Seven-year-old Danny Kramer stood in front of his second-grade class, easily recounting a holiday story more than 2,000 years old. The story is one he knows by heart, but it was foreign to many of his classmates.
He told of the great warrior Judah and his army of Maccabees who won freedom over the tyrant King Antiochus and restored the Jerusalem Jewish temple. He barely looked at the words in a book he was holding as he recounted the story of the Jews returning to the defiled temple and finding only enough oil to keep a menorah lit for one day.
"The miracle and reason we celebrate Hanukkah is because the oil lasted for eight days," Danny Kramer said.
With the help of his mother, Stacey, Danny gave his Soda Creek Elementary classmates a lesson about Hanukkah, the Jewish Festival of Lights.
On Friday afternoon, just hours before the eight-day holiday began at sundown, Danny showed his classmates how to light the menorah and play the traditional Jewish dreidel game.
Ever since Danny was in day care, Stacey Kramer has been coming into his classroom to share the story and traditions of Hanukkah.
In the spirit of a celebration of light, shedding light on Jewish traditions makes them less mysterious and more understandable to others, Kramer said.
"I like to share the traditions with my children, and my children like to share their heritage with other people," Kramer said. "I think the season is very much about sharing."
For the second-grade class, that sharing meant playing the dreidel game using M&Ms. The dreidel is a four-sided spinning top with a different Hebrew letter on each side: nun, gimel, hay and shin, meaning, "a great miracle happened there."
In the dreidel game, the letters also represent different amounts that can be taken or put back into a pot of money, candy or traditional chocolate coins called gelt.

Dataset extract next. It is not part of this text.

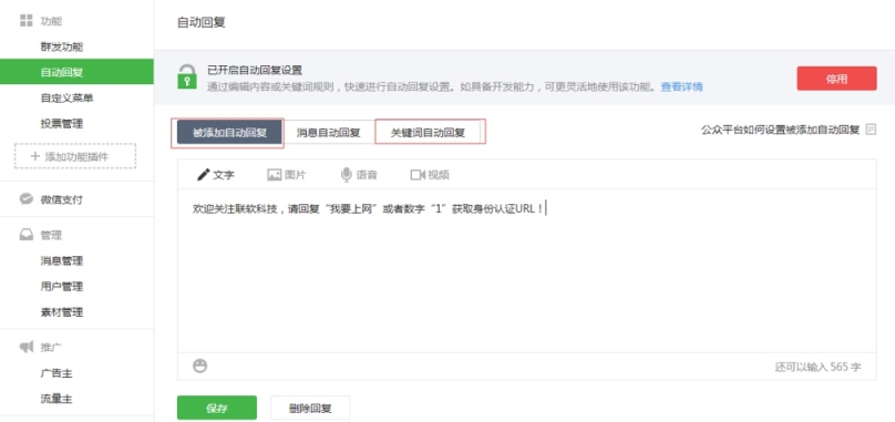 微信管理后臺(tái)“自動(dòng)回復(fù)”中設(shè)置“被添加自動(dòng)回復(fù)”和“關(guān)鍵詞自動(dòng)回復(fù)”。

The beginning of the Jewish New Year, which starts with Rosh Hashanah and ends with Yom Kippur, the Day of Atonement, is the most significant religious holiday for Jews and is celebrated in the fall. Hanukkah is more of a minor holiday but over the years has taken on its own importance, and giving gifts was incorporated into the celebration, Kramer said.
"The gift-giving thing came about more for the children," Stacey Kramer said. "It came about to make it a more special holiday."

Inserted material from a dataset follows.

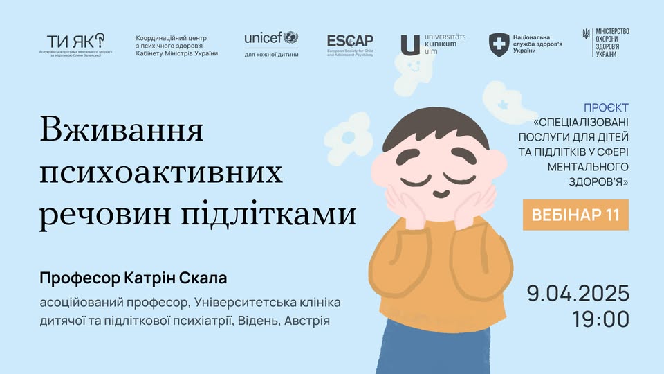 Запрошуємо до участі у вебінарі «Вживання психоактивних речовин підлітками», що відбудеться онлайн 9 квітня 2025 року о 19:00 за київським часом.

Kramer also said Hanukkah is one of the most joyous holidays as it celebrates the Jews' victory and freedom.
The Hannukah story begins with the tale of the Maccabees, who after reclaiming the ruined Holy Temple in Jerusalem, found one small jar of oil, enough to light the menorah for one day. Then a miracle occurred. The menorah continued to burn for eight days, the amount of time it took the Jews to make more purified oil.
The eight candles on the menorah, not including the Shamash candle used to light the others, and the eight-day celebration signify the miracle.
Since Friday, Steamboat's Jewish community, Har Mishpacha, has been celebrating the holiday. The celebration started with a Sabbath Service on Friday night led by the group's part-time rabbi, Rabbi Joe Goldman. On Saturday, Goldman took part in a group ski trip on the ski mountain.
Tonight, Har Mishpacha will hold a Hanukkah party from 5:30 to 8 p.m. at Olympian Hall. The party is a potluck dinner, with games for children, cookie decorating and a gift exchange.
One of the items served will be potato latkas, potato pancakes fired in oil.
Jane Romberg, who is helping with the party, said food cooked in oil is part of the Hanukkah celebration.
About 90 families make up Har Mishpacha, Romberg said.
Routt County's Jewish community has become more active in the past year with the arrival of Goldman, a retired rabbi from Denver who helps direct and implement adult and youth education programs in Steamboat.
Romberg points to the number of events occurring this weekend, including a movie and discussion held Saturday night and the opportunity this morning for school-aged children to meet with the rabbi.
"When he is up here, we keep (Rabbi Goldman) very busy," Romberg said.